**Problem to solve:**
Take the material below and extract the lines from the one with "一家韩国烤肉店,是自助式的,价格不贵,可" through the one with "Definition of the", word for word, without pictures.

[[ The input, beginning ]]

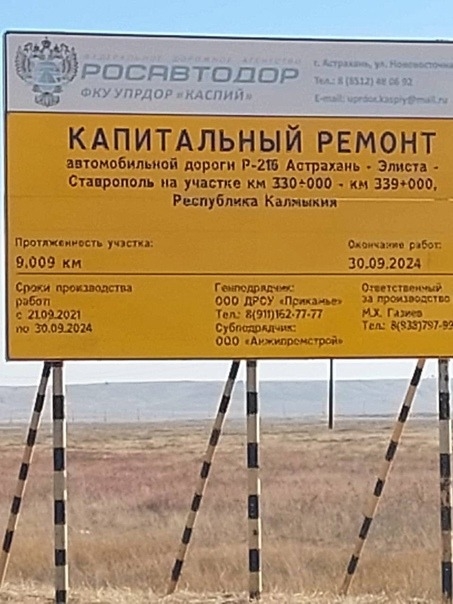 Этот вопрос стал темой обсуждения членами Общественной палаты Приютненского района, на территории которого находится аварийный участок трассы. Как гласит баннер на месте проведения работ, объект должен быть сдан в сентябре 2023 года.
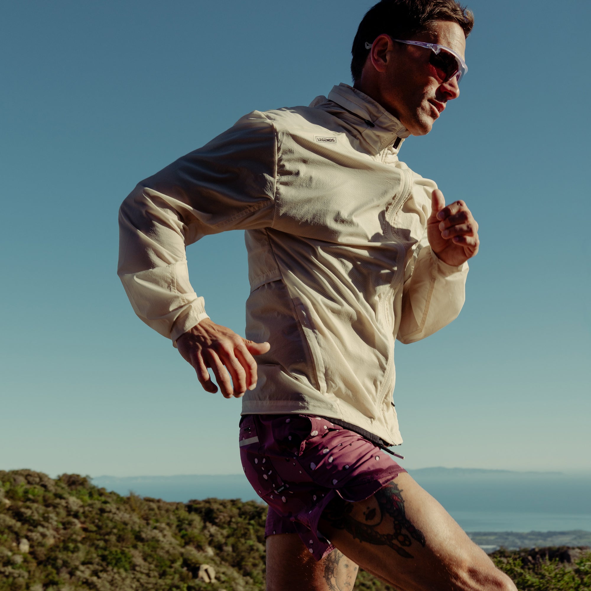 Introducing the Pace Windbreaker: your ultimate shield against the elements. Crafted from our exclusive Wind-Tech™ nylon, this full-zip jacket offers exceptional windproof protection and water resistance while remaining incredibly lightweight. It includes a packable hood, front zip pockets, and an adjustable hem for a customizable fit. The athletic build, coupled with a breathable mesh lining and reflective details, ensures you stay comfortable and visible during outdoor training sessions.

[[ The input, end ]]
[[ The input, beginning ]]

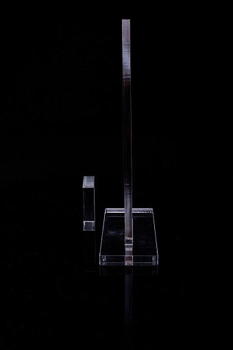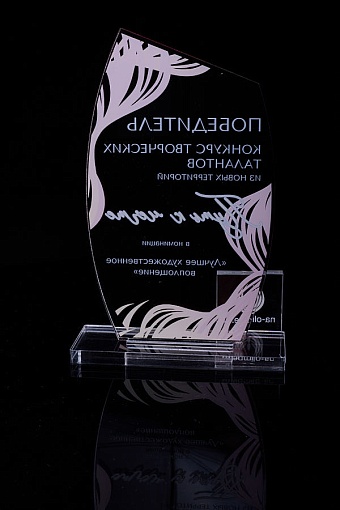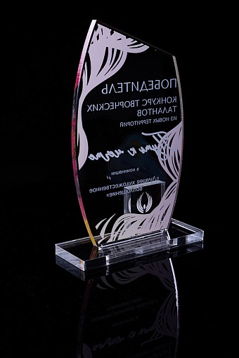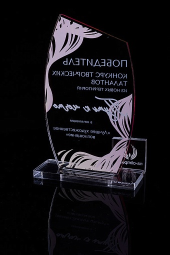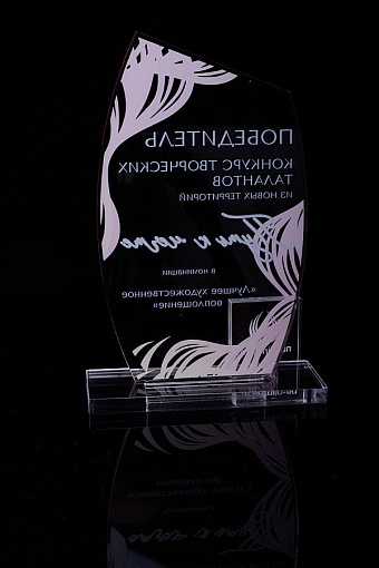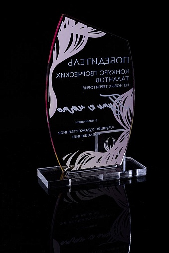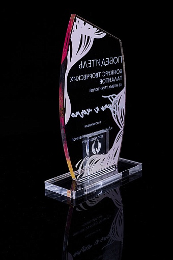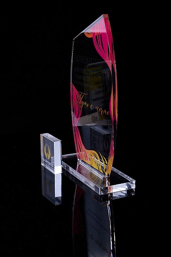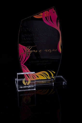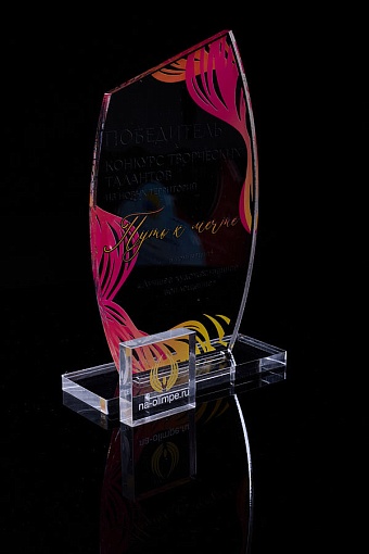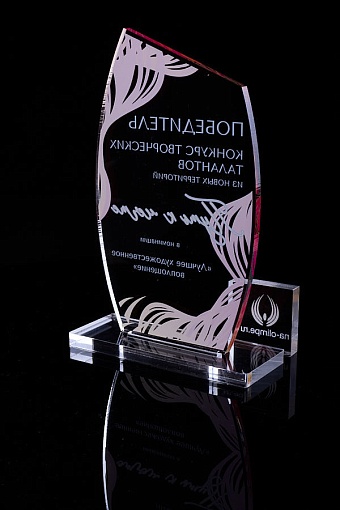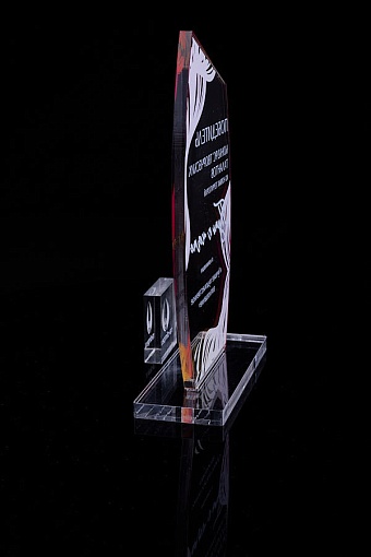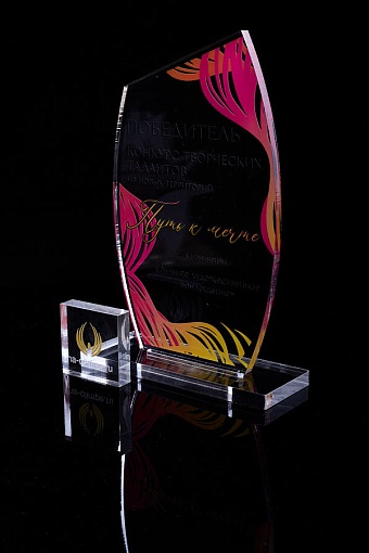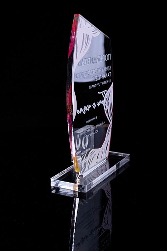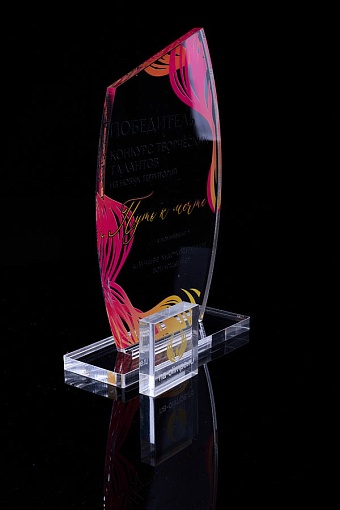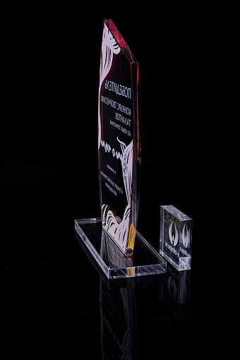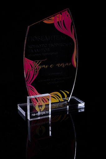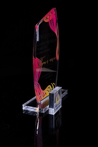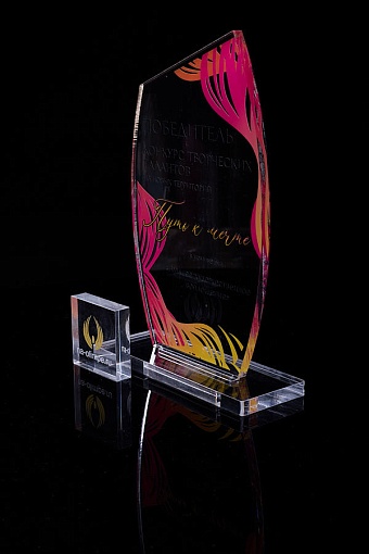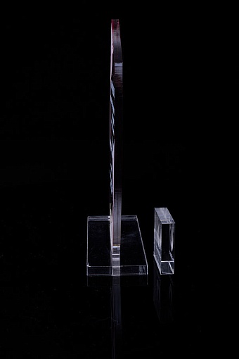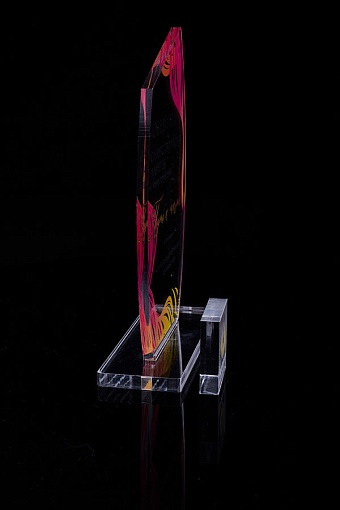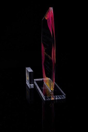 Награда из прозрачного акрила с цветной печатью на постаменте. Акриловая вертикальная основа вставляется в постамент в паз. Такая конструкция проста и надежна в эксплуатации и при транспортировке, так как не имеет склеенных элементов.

[[ The input, end ]]
[[ The input, beginning ]]

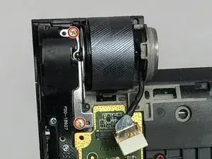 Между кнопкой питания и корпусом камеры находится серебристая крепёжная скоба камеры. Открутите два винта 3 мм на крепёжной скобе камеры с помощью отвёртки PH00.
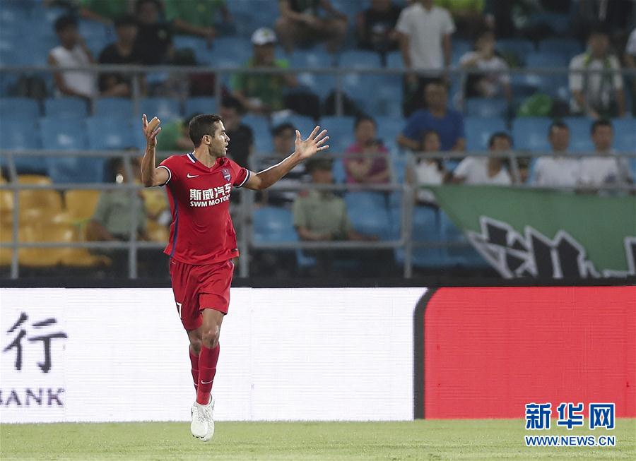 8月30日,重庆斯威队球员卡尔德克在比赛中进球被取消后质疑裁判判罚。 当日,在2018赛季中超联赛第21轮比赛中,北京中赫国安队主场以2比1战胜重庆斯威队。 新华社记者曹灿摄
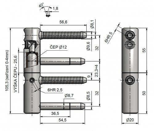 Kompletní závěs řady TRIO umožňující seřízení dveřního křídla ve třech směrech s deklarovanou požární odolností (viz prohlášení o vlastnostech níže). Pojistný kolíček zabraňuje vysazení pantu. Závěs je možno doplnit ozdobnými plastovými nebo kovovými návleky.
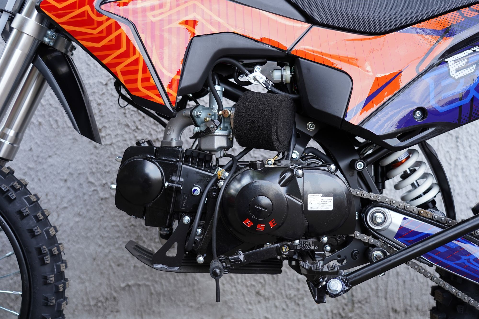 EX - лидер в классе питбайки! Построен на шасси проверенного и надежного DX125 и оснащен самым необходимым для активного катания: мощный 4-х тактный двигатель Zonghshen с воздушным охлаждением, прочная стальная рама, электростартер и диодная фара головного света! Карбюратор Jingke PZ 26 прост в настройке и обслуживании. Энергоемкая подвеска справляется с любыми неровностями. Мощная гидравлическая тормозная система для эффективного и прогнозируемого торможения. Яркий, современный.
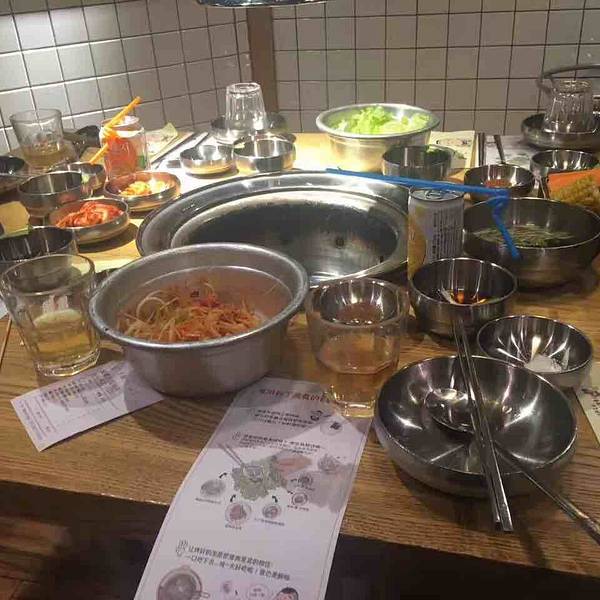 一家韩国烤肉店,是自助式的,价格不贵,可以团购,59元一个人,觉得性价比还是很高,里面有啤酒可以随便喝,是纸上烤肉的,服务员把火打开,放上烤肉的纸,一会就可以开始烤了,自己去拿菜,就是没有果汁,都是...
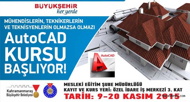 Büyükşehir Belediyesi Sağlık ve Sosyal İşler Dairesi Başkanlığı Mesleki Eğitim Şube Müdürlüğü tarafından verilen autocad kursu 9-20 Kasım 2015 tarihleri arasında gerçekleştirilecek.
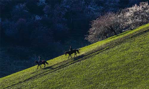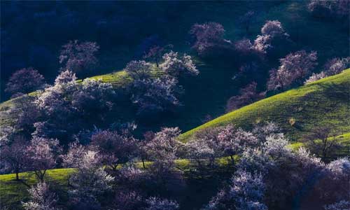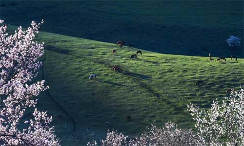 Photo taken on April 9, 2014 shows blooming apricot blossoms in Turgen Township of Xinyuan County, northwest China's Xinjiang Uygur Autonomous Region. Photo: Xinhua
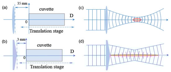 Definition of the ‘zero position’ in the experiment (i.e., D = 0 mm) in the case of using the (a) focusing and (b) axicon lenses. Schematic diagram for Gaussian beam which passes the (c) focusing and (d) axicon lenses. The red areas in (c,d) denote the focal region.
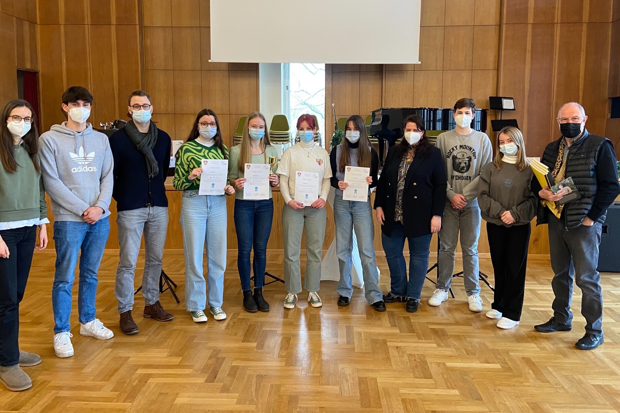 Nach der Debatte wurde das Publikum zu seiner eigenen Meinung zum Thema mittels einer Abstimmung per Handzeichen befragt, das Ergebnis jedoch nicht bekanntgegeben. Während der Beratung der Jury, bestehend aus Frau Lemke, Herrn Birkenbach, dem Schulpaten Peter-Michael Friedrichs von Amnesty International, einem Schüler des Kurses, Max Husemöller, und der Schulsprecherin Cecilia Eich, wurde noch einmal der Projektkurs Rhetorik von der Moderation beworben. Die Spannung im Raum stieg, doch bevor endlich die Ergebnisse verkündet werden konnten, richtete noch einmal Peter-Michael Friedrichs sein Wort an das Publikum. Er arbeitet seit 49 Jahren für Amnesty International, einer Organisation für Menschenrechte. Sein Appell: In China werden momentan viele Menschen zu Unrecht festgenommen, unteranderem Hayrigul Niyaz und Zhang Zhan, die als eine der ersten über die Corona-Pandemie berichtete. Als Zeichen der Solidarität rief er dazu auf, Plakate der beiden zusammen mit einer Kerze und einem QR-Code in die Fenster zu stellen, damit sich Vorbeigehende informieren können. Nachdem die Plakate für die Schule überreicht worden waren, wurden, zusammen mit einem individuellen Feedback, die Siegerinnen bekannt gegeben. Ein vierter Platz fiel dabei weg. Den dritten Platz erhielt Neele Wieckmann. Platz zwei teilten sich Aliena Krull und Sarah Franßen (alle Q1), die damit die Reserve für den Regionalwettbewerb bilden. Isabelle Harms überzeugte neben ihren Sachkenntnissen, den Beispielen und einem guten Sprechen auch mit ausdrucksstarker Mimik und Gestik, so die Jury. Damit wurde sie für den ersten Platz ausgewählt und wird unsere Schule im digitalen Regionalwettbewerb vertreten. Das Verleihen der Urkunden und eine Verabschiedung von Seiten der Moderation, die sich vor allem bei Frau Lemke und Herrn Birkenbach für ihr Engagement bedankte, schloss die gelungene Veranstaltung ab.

[[ The input, end ]]

**Your solution:**
 一家韩国烤肉店,是自助式的,价格不贵,可以团购,59元一个人,觉得性价比还是很高,里面有啤酒可以随便喝,是纸上烤肉的,服务员把火打开,放上烤肉的纸,一会就可以开始烤了,自己去拿菜,就是没有果汁,都是...
 Büyükşehir Belediyesi Sağlık ve Sosyal İşler Dairesi Başkanlığı Mesleki Eğitim Şube Müdürlüğü tarafından verilen autocad kursu 9-20 Kasım 2015 tarihleri arasında gerçekleştirilecek.
 Photo taken on April 9, 2014 shows blooming apricot blossoms in Turgen Township of Xinyuan County, northwest China's Xinjiang Uygur Autonomous Region. Photo: Xinhua
 Definition of the ‘zero position’ in the experiment (i.e., D = 0 mm) in the case of using the (a) focusing and (b) axicon lenses. Schematic diagram for Gaussian beam which passes the (c) focusing and (d) axicon lenses. The red areas in (c,d) denote the focal region.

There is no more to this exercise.